ESPN Screamer Still
Gets His Weak On
I'll always consider Sports Illustrated to be the Bible of sports magazines, but I terminated my subscription to it this year because, like most people, I read everything online nowadays.
But for my big birthday that you -- yes, you -- never sent a card for two weeks ago, she was sweet enough to get me a subscription to ESPN The Magazine. And it only took until the early pages of the second edition to remind me why I stopped picking this one up some years ago: Stuart Scott's Two Way.
Before he even addresses the first question, you're greeted with what ESPN thinks is a cool, hip little challenge: "This is Stu's private chat room. You can holla at him ... If you make the cut."
Ooooooohhhhhhh. Making the cut into Stu's private chat room. Where do I sign up to holla?
But then you get a couple questions in and find a fair inquiry from August, of Tom's River, N.J., asking if Stu thought LeBron James's "The Decision" was "an exercise in narcissism," and even compared it to a production of "The Bachelorette."
In his 234-word reply that was littered with misspellings, Stu never once came close to speaking critically of LeBron James.
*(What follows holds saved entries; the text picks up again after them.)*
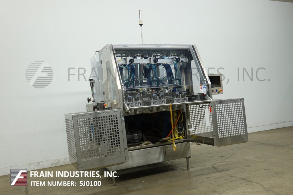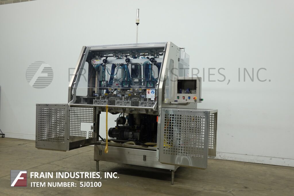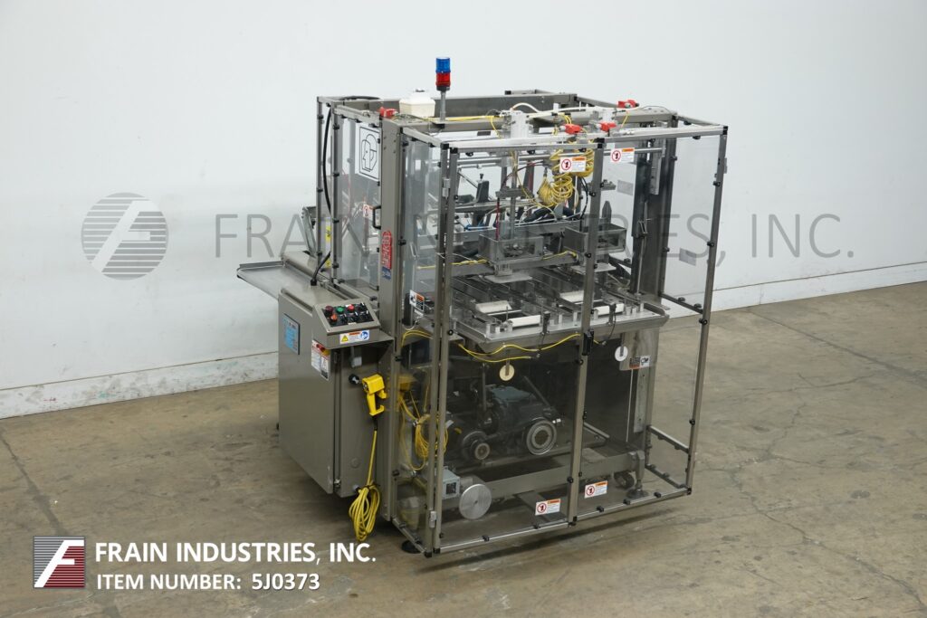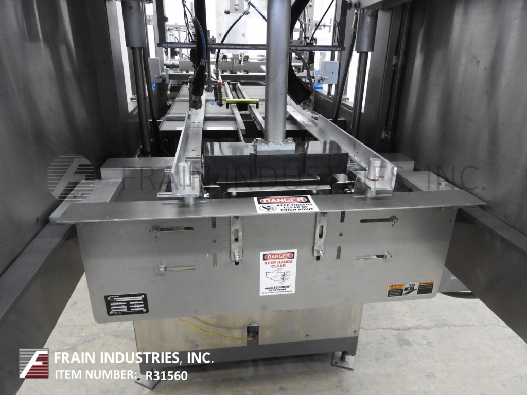 Delkor, Model 742, automatic, dual head, tray former, rated from 60 to 150 trays per minute – depending on materials, application and machine configuration. Blank Tray size: up to 22" in Length; up to 30" in Width. Equipped with (2) 24" long blank tray magazines, dual (3) suction cup reciprocating pick and place, shuttle indexing system, ram plunger, tray forming station, Lexan safety guarding. Control panel has sart, stop and e-stop push button controls Mounted on (4) leg base frame.
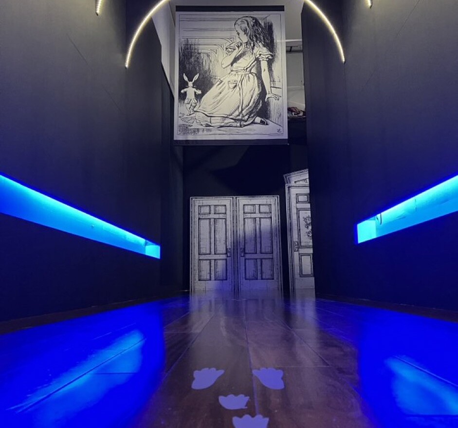 暗い会場内の壁や床に投影された迫力のあるゴッホの絵画…
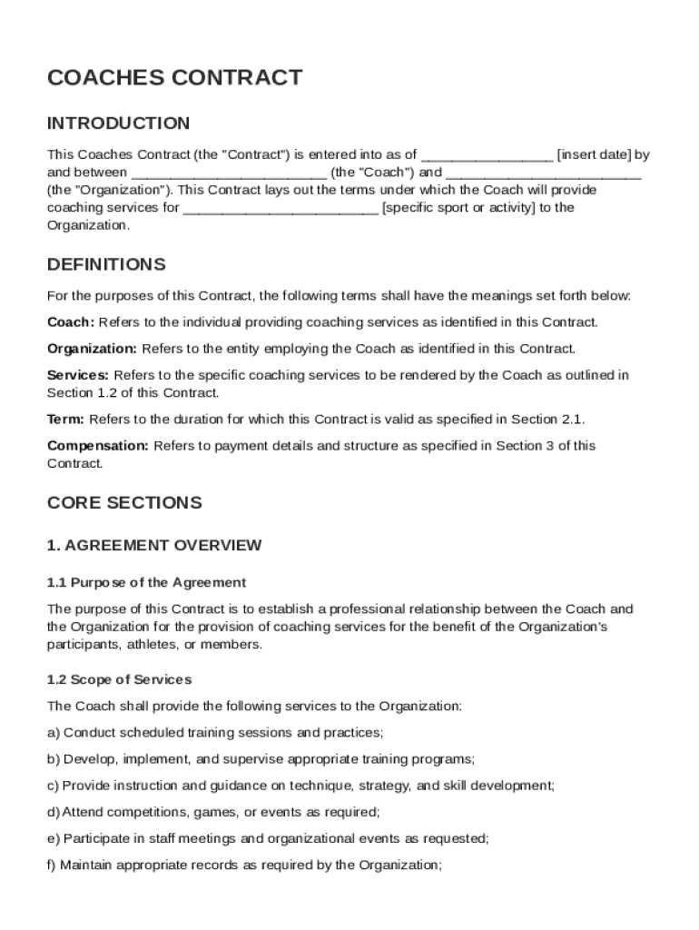 Sports Coach Contract Example Templates Docs Word Examples in Coaches
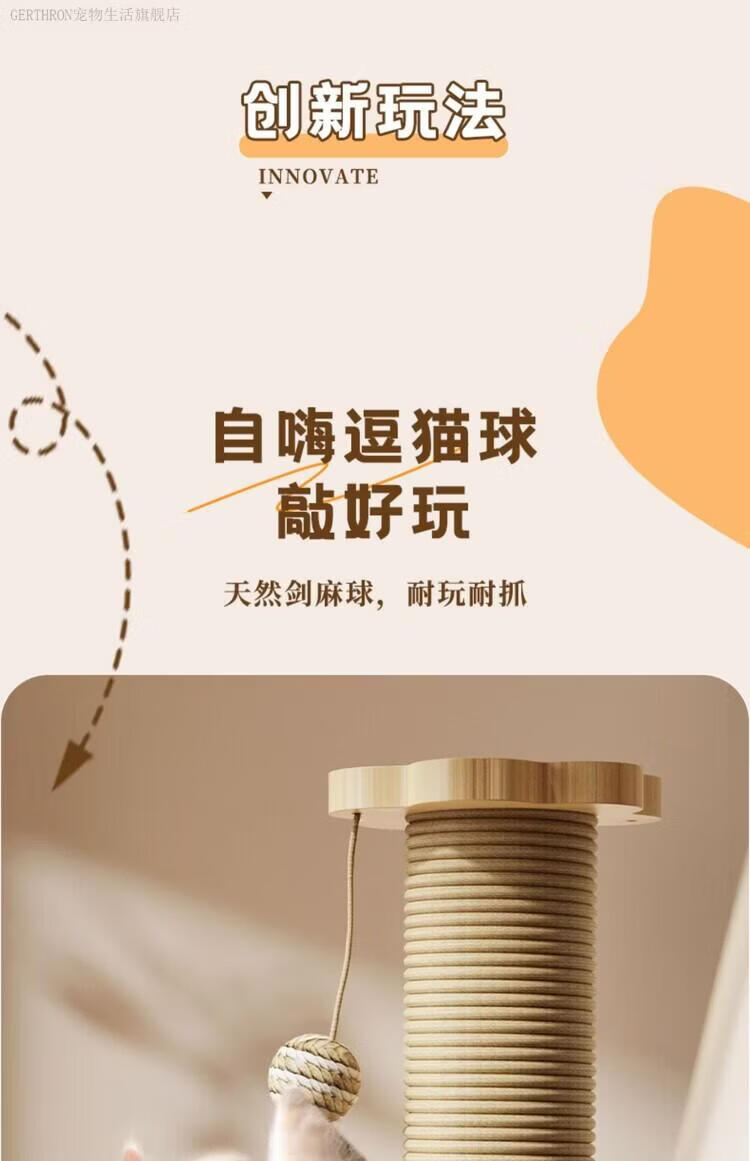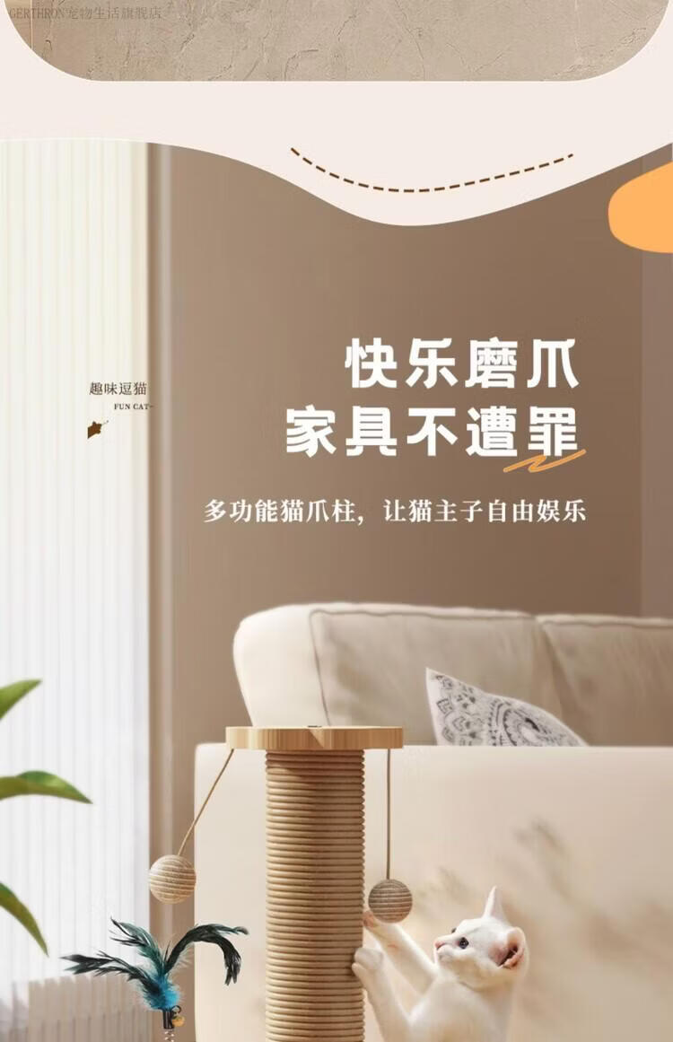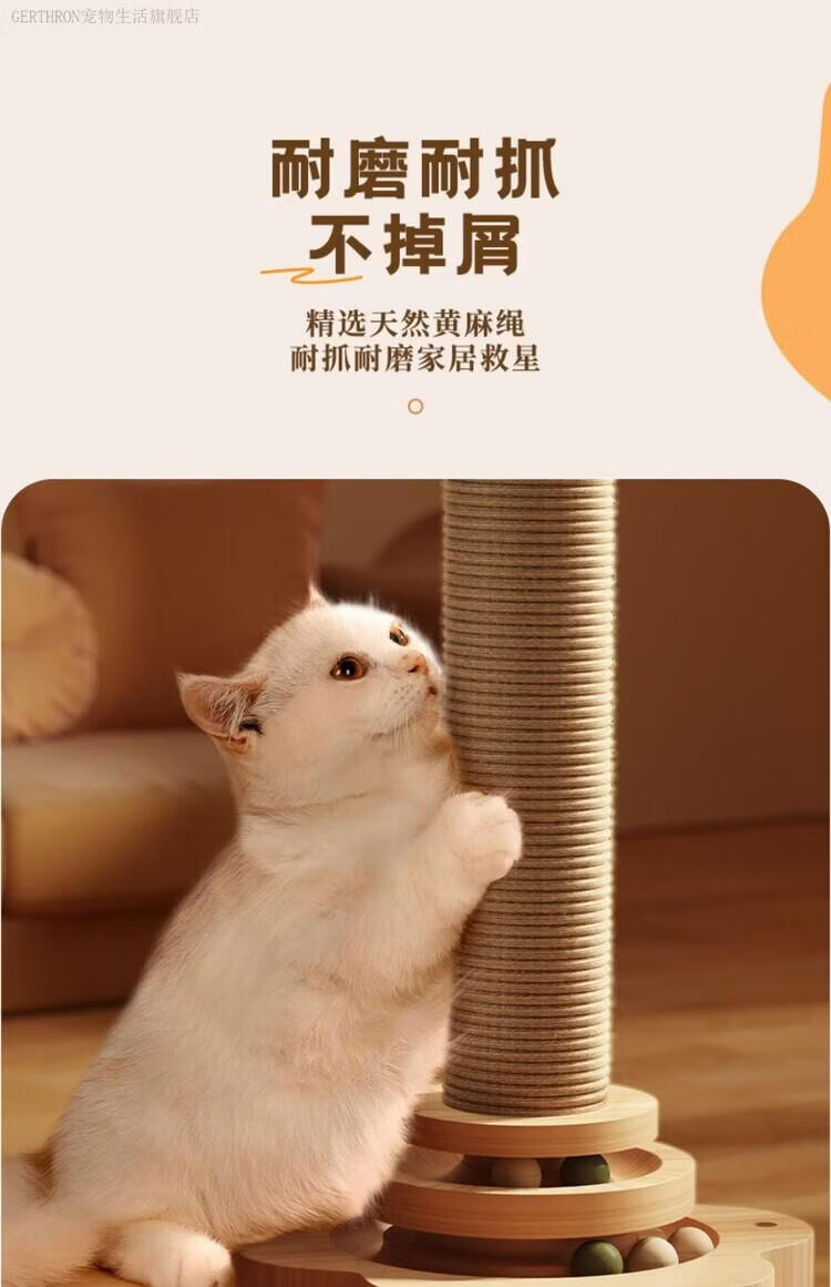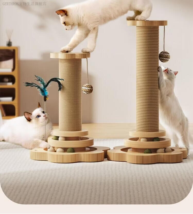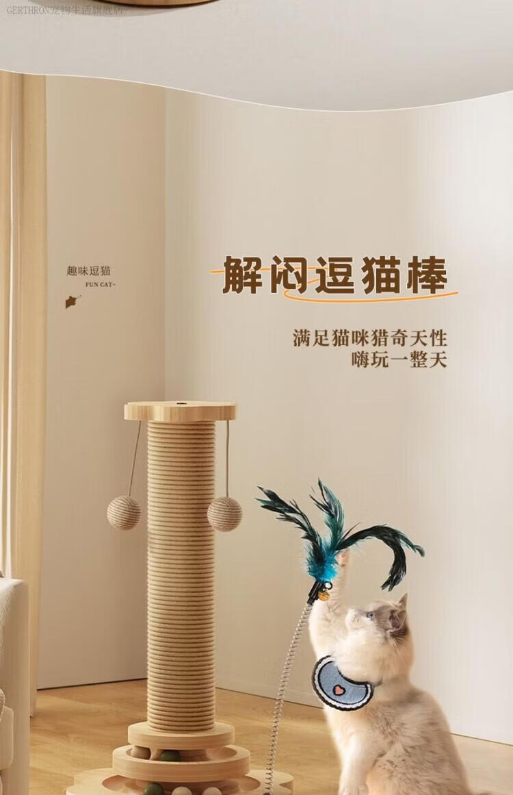 GERTHRON德国猫抓板耐磨不掉屑剑麻猫咪爪柱小猫玩具逗猫棒自嗨解闷猫爬架 【实木款 品质首选】四合一猫抓柱

He did blast Dan Gilbert for the strong comments the Cavaliers' owner made after James announced his decision on that disgusting ESPN LeBrasm special. Sure it drew a huge audience and Stu even pointed out its 7.6 rating in his reply to August, but I wish this dude would one time go out on a limb and blast an athlete.
I realize the role and tone of much of sports media have changed the last 15 years, thanks in no small part to Stu's employer. It's why we have guys who are supposed to be unbiased anchormen sharing, well, their biases in private online chat rooms. Disagree? Well, Stu did call Dan Gilbert "an idiot." So there's very local proof, if you need it, that Scott does have some leash to speak freely. (For more evidence, see: Boo-Ya.)
But for him not to speak one critical word about LeBron just perpetuates one of the many reasons why most people I know turn the set when puckered-lipped Stu comes on, and to a larger degree, why they no longer watch ESPN at all. A few of these cats are so worried about being boys with the guys they cover that the idea of doing an honest job too often is a secondary consideration.
I get that a high-profile ESPN employee like Stu isn't going to wholeheartedly torch the subject of one of the WWL's most successful shows of the year. But his own colleague, Ryan Burr, who hosted the hour-long preview show that led into "The Decision" that night, told this very website last month that "There's no doubt in my mind that LeBron went about it the wrong way and he came off about as bad as he could have come off."
And that wasn't Burr being rebellion; that was merely a man with eyes, ears and a brain reaching the same honest conclusion that just about everyone else in America shared.
Once again, it's not the decision that has turned so many people off. It was "The Decision," the circus, that has cost LeBron countless fans and perhaps will cost ESPN to a degree in the long run. And for Stu not to acknowledge any of that makes him little better than the attention-starved Jenn Browns of the world who are just there to be on TV like a care-free 5-year-old on a swingset.